Regional transcription(s)
- • Sundanese: ᮎᮤᮊᮛᮀ ᮕᮥᮞᮒ᮪
- Central Cikarang Location in Java and Indonesia Central Cikarang Central Cikarang (Indonesia)
- Coordinates: 6°21′32″S 107°10′54″E﻿ / ﻿6.35889°S 107.18167°E
- Country: Indonesia
- Province: West Java
- Regency: Bekasi Regency
- Established: 2001

Government
- • Camat: Endin Syamsudin
- • Secretary: Sugiman

Area
- • Total: 44.00 km^{2} (16.99 sq mi)
- Elevation: 59 m (194 ft)

Population (mid 2024 estimate)
- • Total: 71,493
- • Density: 1,625/km^{2} (4,208/sq mi)
- Time zone: UTC+7 (IWT)
- Postal code: 17531
- Area code: (+62) 21
- Villages: 6
- Website: Official website

= Central Cikarang =

Central Cikarang (Cikarang Pusat; ) is a district of Bekasi Regency which serves as the regency seat.

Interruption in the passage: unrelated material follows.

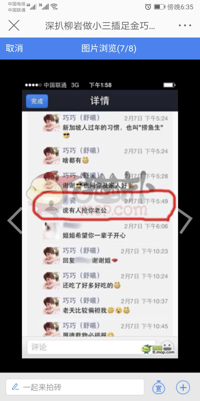 最开始人们还在疑惑孩子的生父,直到原配这时候站出来撕于老板要家产。两人离婚的消息随之爆出来,大概也是因此,舆论把金巧巧认成了这个小三。想来也是蛮讽刺。原配当年各种大敌当前都选择隐忍,哪怕最后把婚姻输掉也愿意为男人留一分面子。但金巧巧这肚子一大,意味着有法律承认的下一代要来从她和孩子们池子里分一杯羹。于是,底裤不能给于老板留了。好现实的豪门定律。不过,老板的猎艳录,也当然不可能因为金巧巧女儿的出生而断更。紧接着,我们看到金巧巧朋友圈“被通知自己被三”:

It covers an area of 44 km^{2} and had a population of 71,493 (comprising 35,719 males and 35,774 females) as at mid 2024. The district was established in 2001, as a result of division of the former Lemahabang and Serang Districts into four new districts. The district was previously known as Karangjati. Geographically, Central Cikarang is located southeast of the other Cikarang districts, however it is named Central Cikarang to emphasize its importance as the administrative center of Bekasi Regency.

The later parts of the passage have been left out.